Hi Everyone
I am running 389 DS 1.2.8.2 in CentOS 4.8. I have a multi master setup, with 12 LDAP servers. Everything was working fine, till one of the boxes (ldapw02) suddenly crashed. When it came back up, I see the following in the error log,
[25/Nov/2013:20:26:00 -0500] - 389-Directory/1.2.8.2 B2013.028.104 starting up [25/Nov/2013:20:26:01 -0500] - Detected Disorderly Shutdown last time Directory Server was running, recovering database. [25/Nov/2013:20:26:03 -0500] NSMMReplicationPlugin - replica_check_for_data_reload: Warning: data for replica o=EmpData does not match the data in the changelog (replica data (5293f8a1000000040000) > changelog (5293f89b000000080000)). Recreating the changelog file. This could affect replication with replica's consumers in which case the consumers should be reinitialized. [25/Nov/2013:20:26:03 -0500] - slapd started. Listening on All Interfaces port 389 for LDAP requests [25/Nov/2013:20:30:32 -0500] NSMMReplicationPlugin - changelog program - agmt="cn=ldapw022toroon63dsaw03" (toroon63dsaw03:389): CSN 5293f761000000020000 not found, we aren't as up to date, or we purged [25/Nov/2013:20:30:32 -0500] NSMMReplicationPlugin - agmt="cn=ldapw022toroon63dsaw03" (toroon63dsaw03:389): Data required to update replica has been purged. The replica must be reinitialized. [25/Nov/2013:20:30:32 -0500] NSMMReplicationPlugin - changelog program - agmt="cn=ldapw022toroon63ldapw03" (toroon63ldapw03:389): CSN 5293f761000000020000 not found, we aren't as up to date, or we purged [25/Nov/2013:20:30:32 -0500] NSMMReplicationPlugin - agmt="cn=ldapw022toroon63ldapw03" (toroon63ldapw03:389): Data required to update replica has been purged. The replica must be reinitialized. [25/Nov/2013:20:30:32 -0500] NSMMReplicationPlugin - agmt="cn=ldapw022toroon63ldapw03" (toroon63ldapw03:389): Incremental update failed and requires administrator action [25/Nov/2013:20:30:32 -0500] NSMMReplicationPlugin - agmt="cn=ldapw022toroon63dsaw03" (toroon63dsaw03:389): Incremental update failed and requires administrator action [25/Nov/2013:20:35:30 -0500] NSMMReplicationPlugin - changelog program - agmt="cn=ldapw022ldapw01" (ldapw01:389): CSN 5293f7f3000000050000 not found, we aren't as up to date, or we purged [25/Nov/2013:20:35:30 -0500] NSMMReplicationPlugin - agmt="cn=ldapw022ldapw01" (ldapw01:389): Data required to update replica has been purged. The replica must be reinitialized. [25/Nov/2013:20:35:30 -0500] NSMMReplicationPlugin - agmt="cn=ldapw022ldapw01" (ldapw01:389): Incremental update failed and requires administrator action.
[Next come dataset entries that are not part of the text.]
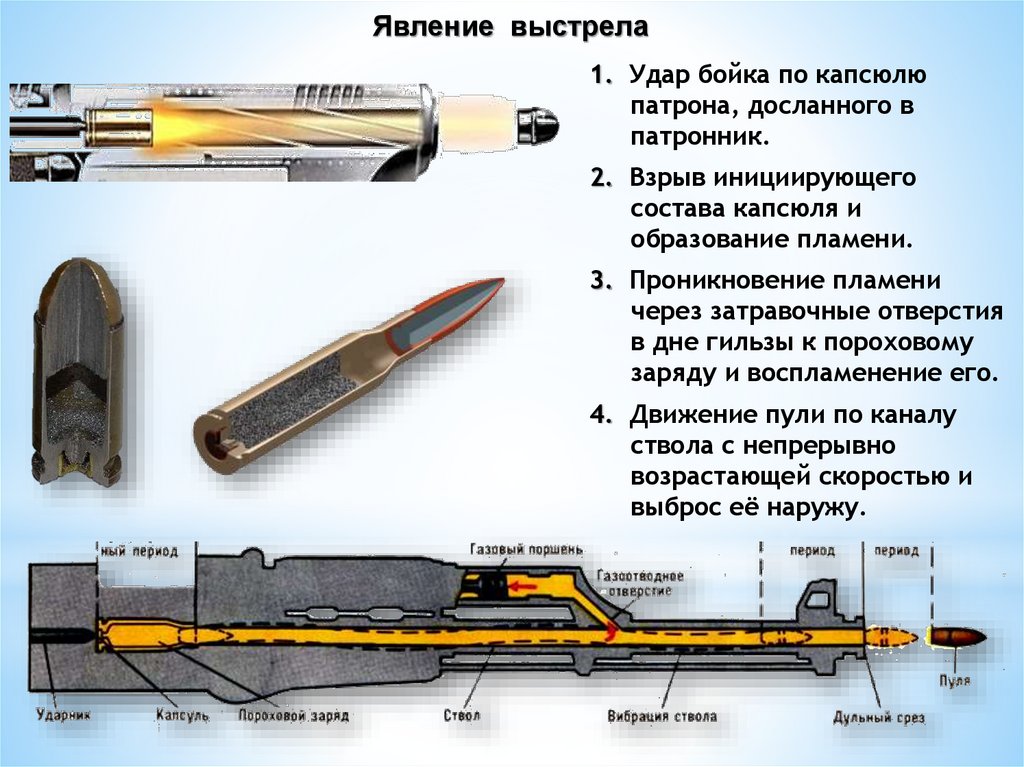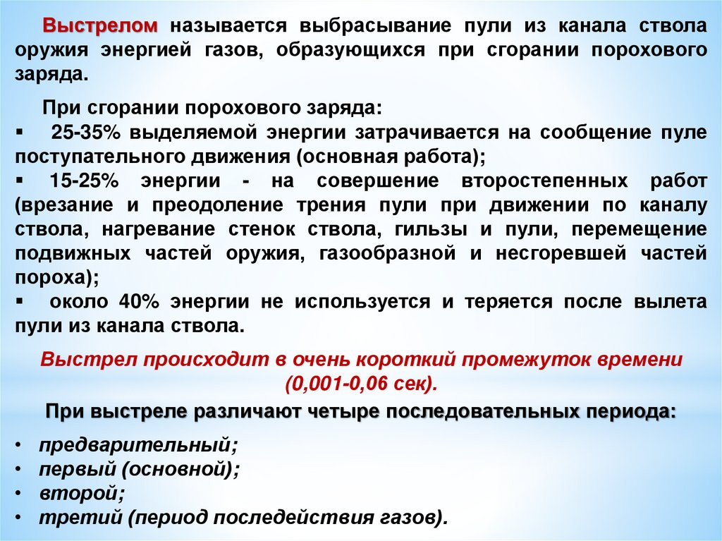 Выстрелом называется выбрасывание пули из канала стволаоружия энергией газов, образующихся при сгорании порохового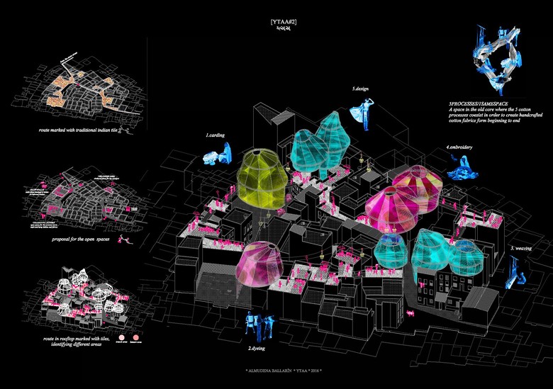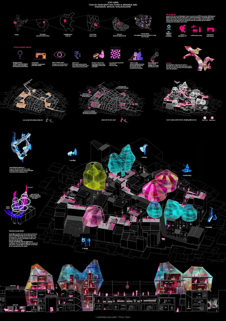 "The CHT-AHM is a new Centre in the old core of Ahmedabad, capital of ths Gujarat (top cotton producing sate). to visit, learn and buy the best quality cotton products, seeking to reactivate and embellish the area, creating new jobs for the Self Employed Woman Association and continuing with the traditional technique of the handcrafted cotton textiles."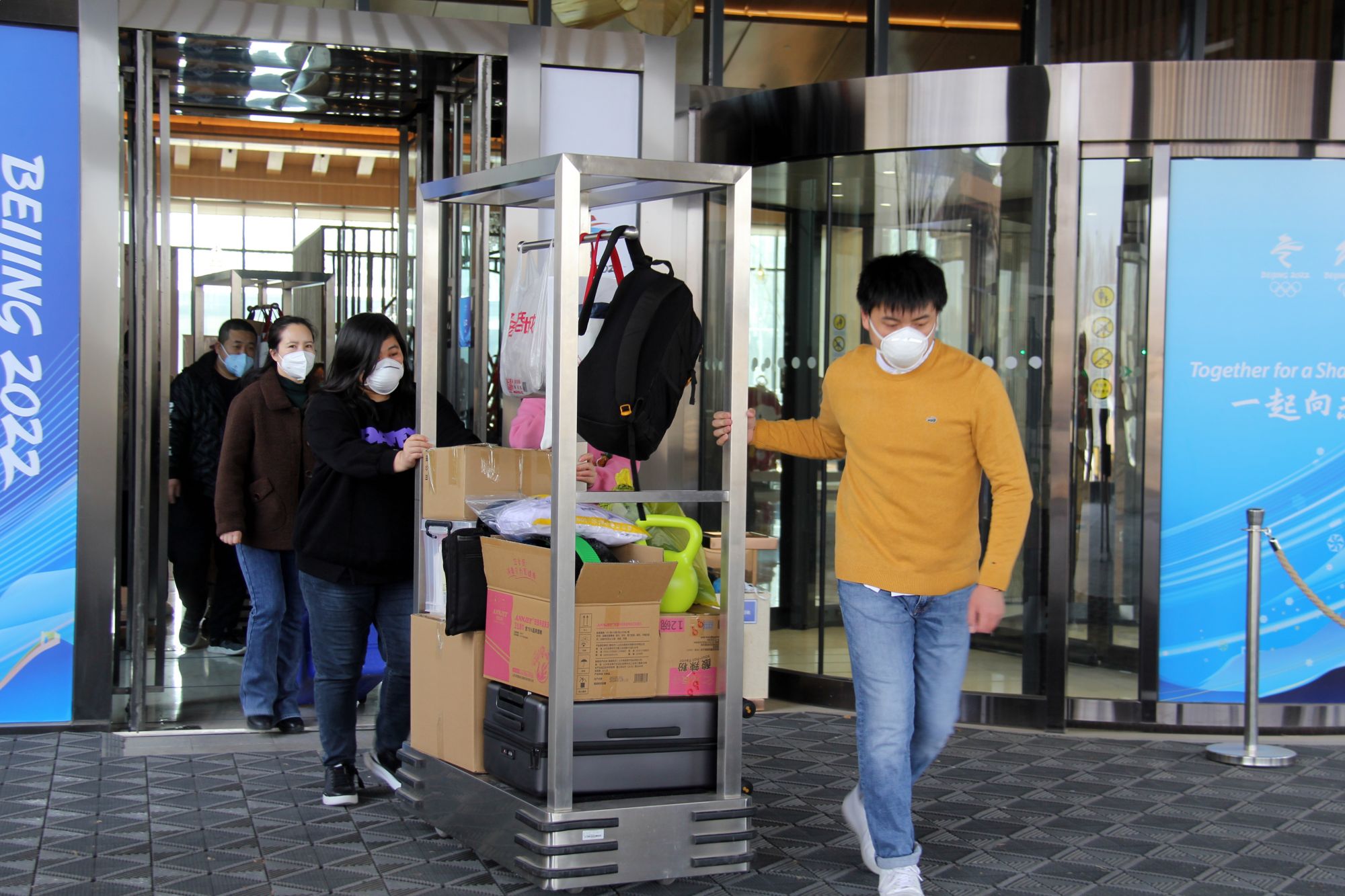 在北京世园凯悦酒店的大厅,一批驻店小组的工作人员正推着行李陆陆续续地走出酒店。前来接应的单位人员与他们拥抱并送上鲜花,庆祝他们圆满完成冬奥会期间的服务保障工作,祝贺他们即将与久别的家人相见。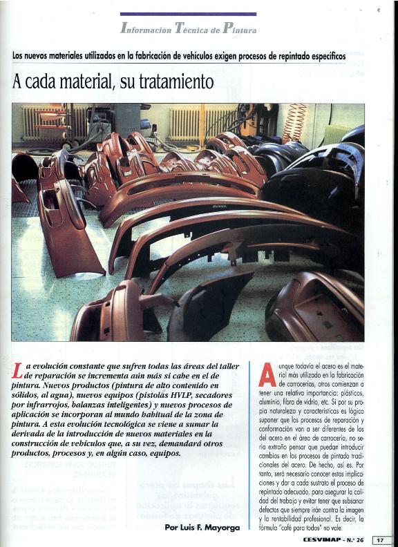 - En: CESVIMAP : revista técnica de reparación y peritación de daños en carrocería y pintura de automóviles. - Madrid : Centro de Experimentación y Seguridad Vial MAPFRE, 1992- = ISSN 1132-7103. - Número 26 1998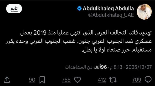 وأمس الأول السبت، قال مستشار رئيس الإمارات إن التحالف العربي لدعم الشرعية في اليمن انتهى عمليًا منذ عام 2019، مضيفًا: “تهديد قائد التحالف العربي، الذي انتهى عمليًا منذ 2019، بعمل عسكري ضد الجنوب العربي جنون”.

Replication seems to work to 'ldapw02' from all other boxes, but replication from 'ldapw02' does not work. The issue disappears when I initialize all the neighbors from the affected box, but I will have to find the root cause for this, since this seems to happen very frequently. Also, I am not able to diagnose the reason for the crash, since installing 'debuginfo' package is out of my scope. I see a similar issue being discussed here,
http://thr3ads.net/fedora-directory-users/2007/10/176314-Re-Cant-locate-CSN-...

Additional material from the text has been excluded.